Yo he asumido mi situación biográfica como una posibilidad de crecimiento humano y literario; Venezuela es una amargura, un dolor continuo; los nombres malditos de los tiranos que han azotado a Venezuela desde el 98 están allí como una mancha de sangre; pero mi obligación de vida es intentar la ternura, la felicidad, la vida como un lugar para la imaginación, para lo festivo y lo susurrante. Hay espacios de la existencia donde no puede ni debe entrar el horror de la dictadura venezolana.

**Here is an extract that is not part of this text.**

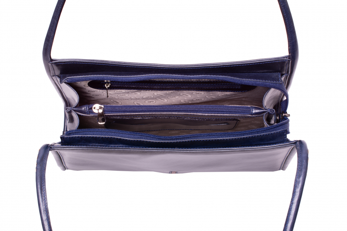 Dámská kabela: ELEGANT - (tříslo - tm. modrá), uzavíratelná zipem.

Pero en efecto, parte de mi idea de vida y escritura actual es esa «extranjeridad eterna» de la que escuché hablar a Doménico Chiappe en una charla en Suiza. Porque tal y como lo veo, esa extranjeridad, ese no estar del todo en ningún sitio es un modo de estar en varios sitios a la vez. La extranjeridad eterna para mí es una pertenencia multiplicada. Como dice Fernando Iwasaki, el escritor hispano/peruano, al venir a España él no perdió una tierra, ganó otra. Así que me planteo la paradoja de que esa extranjeridad es un modo de arraigo, un modo de diálogo enriquecedor.
Mi próximo libro: La diosa de agua, es fruto de ese diálogo, de esa conexión. Como acabo de comentar en una de las mesas de la Feria del Libro de Quito, es muy posible que si yo no me hubiese mudado a España hace veinte años, no habría recibido los estímulos para escribir esta serie de cuentos que son una suerte de Biblia personal, en la que reconstruyo o más bien invento la historia mítica y legendaria de María Lionza, la deidad máxima del espiritismo venezolano.
—¿Es entonces Juan Carlos Méndez Guédez el “transterrado” que define el filósofo español José Gaos? Y yendo más allá, ¿la literatura venezolana del siglo XXI está marcada por esta condición de «ausencia rotunda» como lo confiesa en reciente entrevista en Prodavinci?
—El siglo apenas comienza. Pero desde luego el inicio del siglo XXI estará marcado por esa gran tragedia que ha significado el retorno de los militares forajidos que han saqueado históricamente Venezuela. Imposible que las marcas de tanta miseria, tanta muerte, tantos millones de personas huyendo del infierno, no dejen huellas literarias.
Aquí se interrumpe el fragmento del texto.